Some of those rules are silly. For example, we were directed not to bring pornography into Iraq or Afghanistan, ostensibly because we did not want to insult the Mulsim religion. We needn't have worried. Iraqi soldiers showed me more pornography on their phones and computers than I think I've seen in the rest of my life combined. I heard one senior Iraqi officer tell a story about purchasing a "sexy" DVD from a street vendor in the weeks after Saddam's regime fell, only to be disappointed that the DVD didn't contain porn.
Rules prohibiting alcohol were perhaps less silly, in that there is a very good case to be made against it. But a blanket prohibition is arguably counterproductive. A former Iraqi General lived right outside of my Joint Security Station in Baghdad and invited me over for a glass of Scotch one night - I had to politely decline but to this day I wonder what I could have learned if I took him up on his offer. A group of Kurdish Policemen invited me to spend Nowruz with them and during the celebration they broke out bottles of Jack Daniels and Jim Beam and proceeded to drink them in front of me - making fun of me as they did.
The prohibitions on sex are just insane - who thinks that young women and men sent into combat, away from their families for 9 months or a year at at a time, are going to have carnal impulses they won't be able to satisfy on their own?
Getting back to Jim Gant, it is generally accepted in the SOF community that none of the rules I discuss above about pornography, alcohol, or sex, exist within their compounds while they are deployed. Already operating in that "grey area" outside of the normal Army command and control structure, it wouldn't make sense to rigidly adhere to rules that make little sense in the first place.
SOF were also allowed to have what are called "modified grooming standards." Which means they can grow beards and wear native clothing and try to blend in as much as possible with the local populace. Regular Army couldn't do this, (because, rules) but SOF could and Jim Gant did to great effect.
And because of their rigorous selection processes, and because of Gant's successes in Iraq, he was given an usual amount of leeway - even for a Green Beret - in the violent Kunar Province in Afghanistan. Until I read this article I didn't know Jim and I were in Afghanistan at the same time, but it didn't surprise me. Jim always struck me as a guy more at home in combat than he was actually at home.
If there's any point to this blog post it's this - Gant was on the right track. He has an understanding of counterinsurgency and how to ingratiate yourself with the indigenous population. An Army officer's loyalties, first and foremost, have to lie with his country and his mission. One of the risks of 'going native' like Jim Gant did is to blur that line, to identify more with the local tribesman than you do with your comrades in arms. But our fortunes in Afghanistan depend upon the support of tribes like the ones Jim befriended. As the Sunni Awakening in Anbar province in Iraq had shown us, support of the local tribes can be as effective as hundreds of thousands of troops.

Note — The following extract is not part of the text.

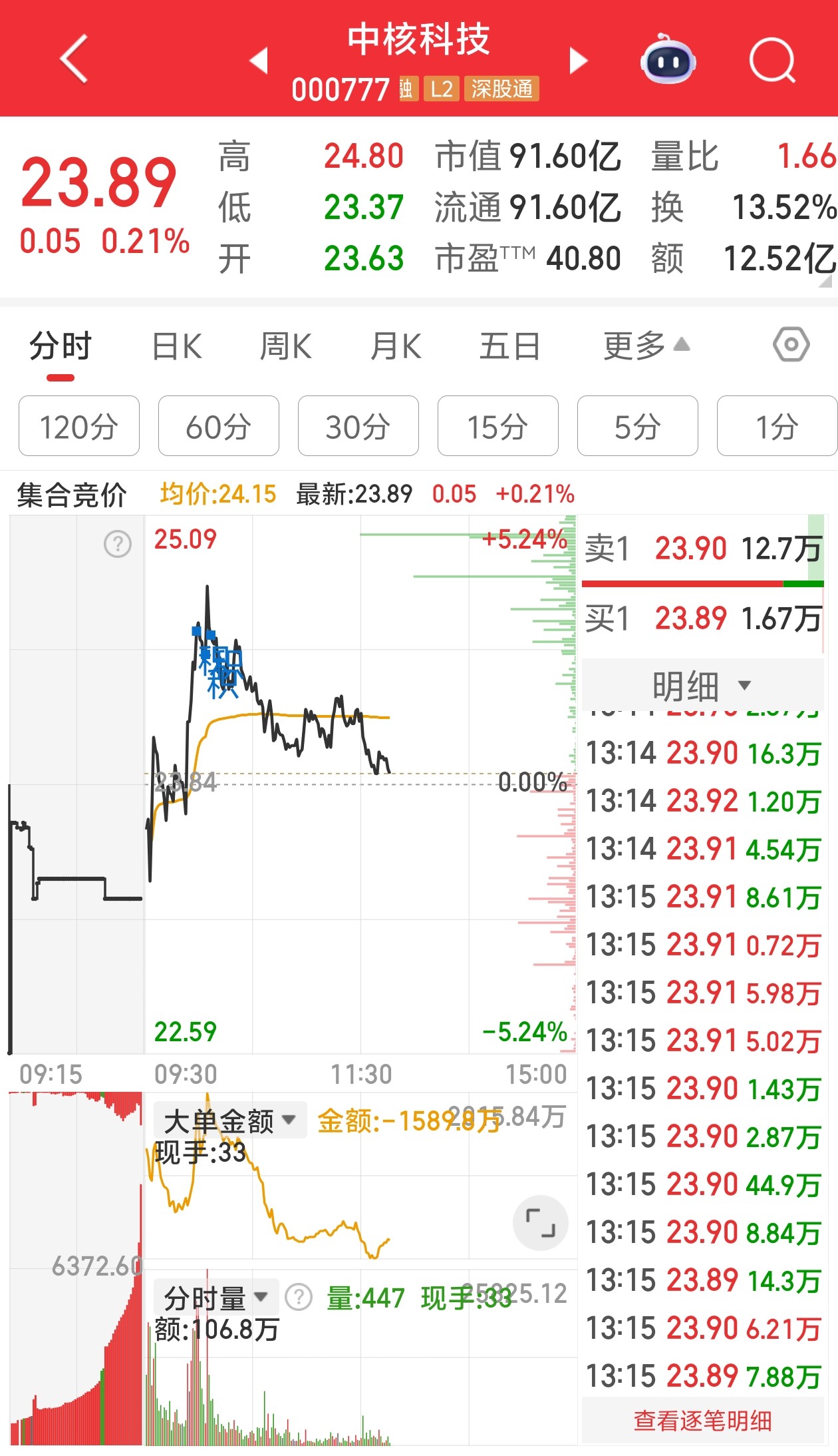 $中核科技(SZ000777)$ 大单一直跑,你不核,主力就核你

In the end Jim was undone by a by-the-book West Point officer with less time in the Army than Jim had in combat. Given his training the young officer was forced to report what he saw, and if I had to guess I'd say Jim always knew his days were numbered.
So who was right? I don't think there can be any doubt that they both were. Jim lived on a razor's edge, he couldn't operate any other way. The young Lieutenant was borne of a world where the most pertinent question is "How's the cow?" (an inside West Point joke). The Army itself had set up this structure, given SOF such leeway and tolerated it's rules violations, and had set the stage for a genius like Jim Gant to emerge.
I suspect Jim Gant sleeps well at night knowing he did the right thing. And even though it lost a special officer, I suspect the Army does as well.